▶ [Your goal]: Repeat every record below exactly, omitting any pictures.

▶ [Data]:
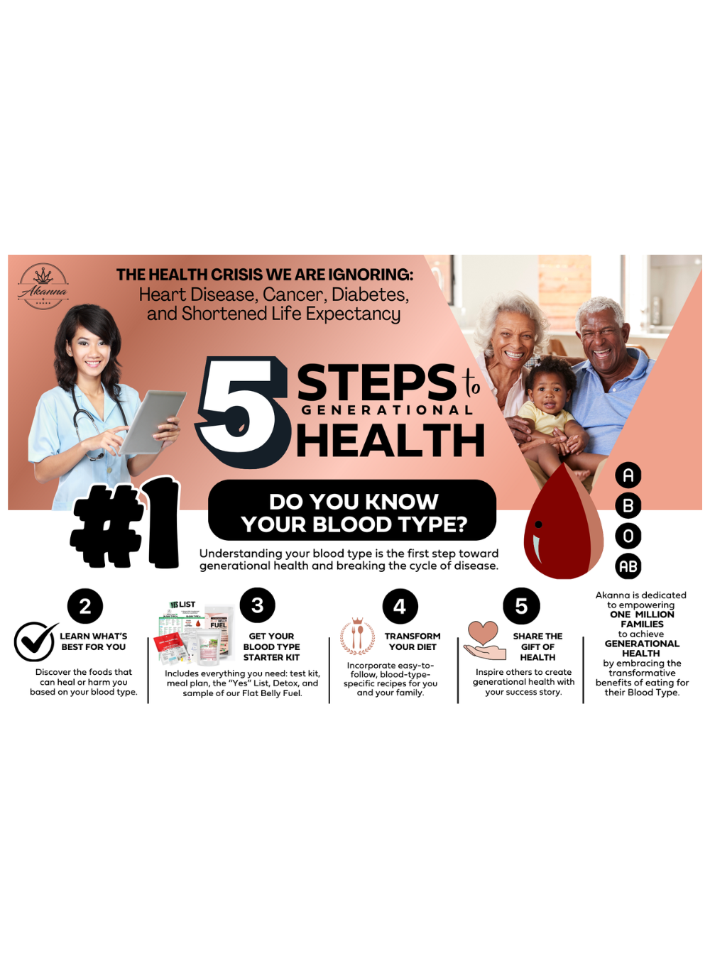Receive 30 QTY of the FIVE Steps to Generational Health NEW Postcard - EXTRA LARGE HEAVY WEIGHT
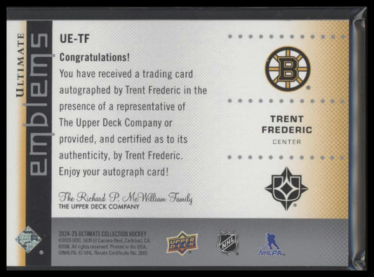 2024-25 UD Ultimate Collection Trent Frederic #UE-TF Emblems Auto Bruins
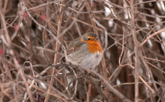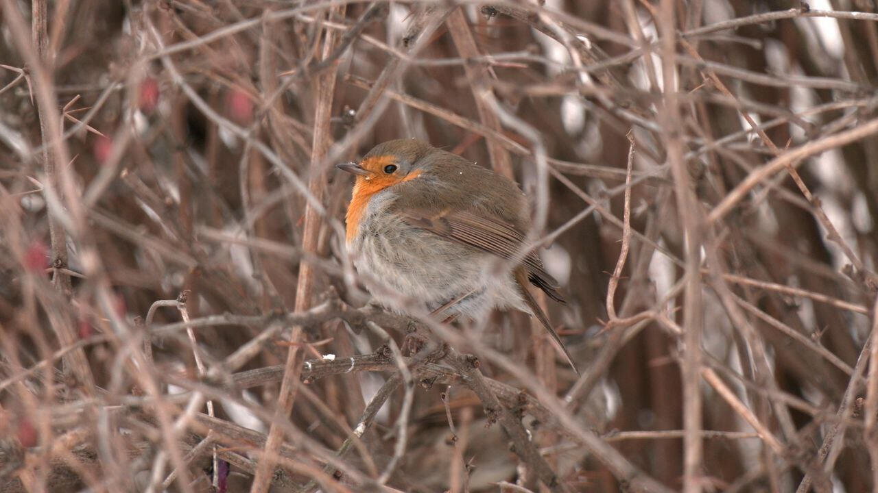 В петербургской усадьбе Сосновка осталась зимовать малиновка
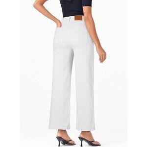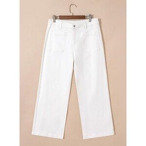 White jeans with a wide/straight leg, front and back patch pockets, and approximately 27 inch "ankle length" inseam. Cotton/polyester/elastane blend.
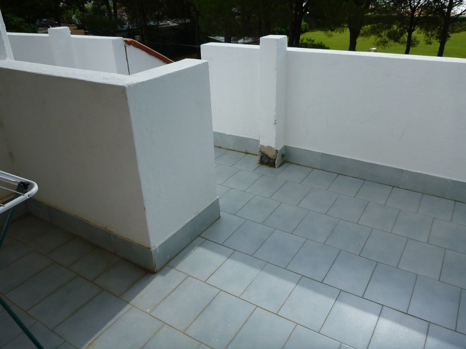 Putzschäden, manchmal mit Farbe ausgebessert.
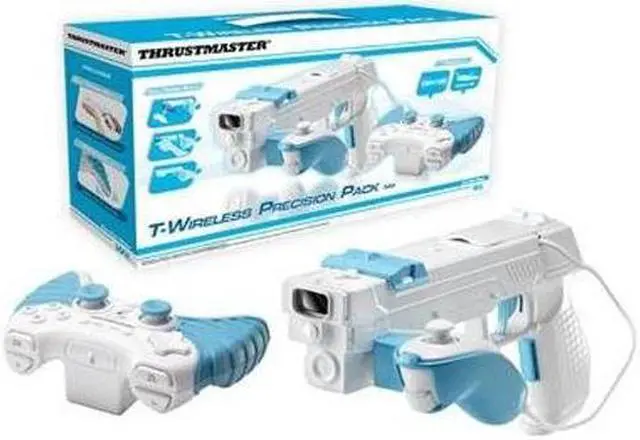 | Features | Wireless joystick, 2.4Ghz (Long range and no latency) Compatible with Wii, WiiWare and Virtual Console games (standard games) and Gamecube (that can be played with the Gamecube joystick) Vibration Feedback: simulates force effect in compatible games Uses only 3 AAA batteries (not included) Buttons "Mapping", "Slow" and "Turbo" allow for total customization Optimised handling with rubber grip Double trigger and double position wireless pistol For playing shooting games and FPS on Wii 1 trigger for shooting +1 trigger for reloading or other 2 possible positions: Nunchuk compartment detached ("Arcade Gun" style) or on the side ("Machine Gun" style) No batteries required Plug & Shoot: Simply insert your Wiimote* and your Nunchuk* to play * Controllers sold separately |
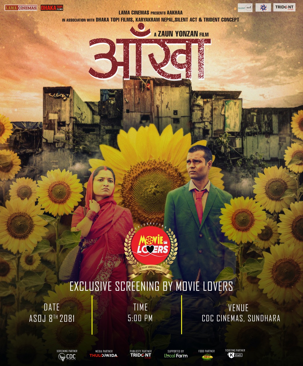 रंगखबर, काठमाडौँ: सामाजिक सञ्जालमा चर्चित ‘मुभी लभर्स ग्रुप’ले असोज ८ गते चलचित्र ‘आँखा’को विशेष प्रदर्शन गर्ने भएको छ । जौन योञ्जनको निर्माण र निर्देशनमा बनेको ‘आँखा’ले सहरी गरिब र सुकुम्वासीको कथा बोकेको छ । पोस्टर र टिजर सार्वजनिक भएसँगै ‘आँखा’ले दर्शकको ध्यान तानेको थियो ।

▶ [Completed task]:
Receive 30 QTY of the FIVE Steps to Generational Health NEW Postcard - EXTRA LARGE HEAVY WEIGHT
 2024-25 UD Ultimate Collection Trent Frederic #UE-TF Emblems Auto Bruins
 В петербургской усадьбе Сосновка осталась зимовать малиновка
 White jeans with a wide/straight leg, front and back patch pockets, and approximately 27 inch "ankle length" inseam. Cotton/polyester/elastane blend.
 Putzschäden, manchmal mit Farbe ausgebessert.
 | Features | Wireless joystick, 2.4Ghz (Long range and no latency) Compatible with Wii, WiiWare and Virtual Console games (standard games) and Gamecube (that can be played with the Gamecube joystick) Vibration Feedback: simulates force effect in compatible games Uses only 3 AAA batteries (not included) Buttons "Mapping", "Slow" and "Turbo" allow for total customization Optimised handling with rubber grip Double trigger and double position wireless pistol For playing shooting games and FPS on Wii 1 trigger for shooting +1 trigger for reloading or other 2 possible positions: Nunchuk compartment detached ("Arcade Gun" style) or on the side ("Machine Gun" style) No batteries required Plug & Shoot: Simply insert your Wiimote* and your Nunchuk* to play * Controllers sold separately |
 रंगखबर, काठमाडौँ: सामाजिक सञ्जालमा चर्चित ‘मुभी लभर्स ग्रुप’ले असोज ८ गते चलचित्र ‘आँखा’को विशेष प्रदर्शन गर्ने भएको छ । जौन योञ्जनको निर्माण र निर्देशनमा बनेको ‘आँखा’ले सहरी गरिब र सुकुम्वासीको कथा बोकेको छ । पोस्टर र टिजर सार्वजनिक भएसँगै ‘आँखा’ले दर्शकको ध्यान तानेको थियो ।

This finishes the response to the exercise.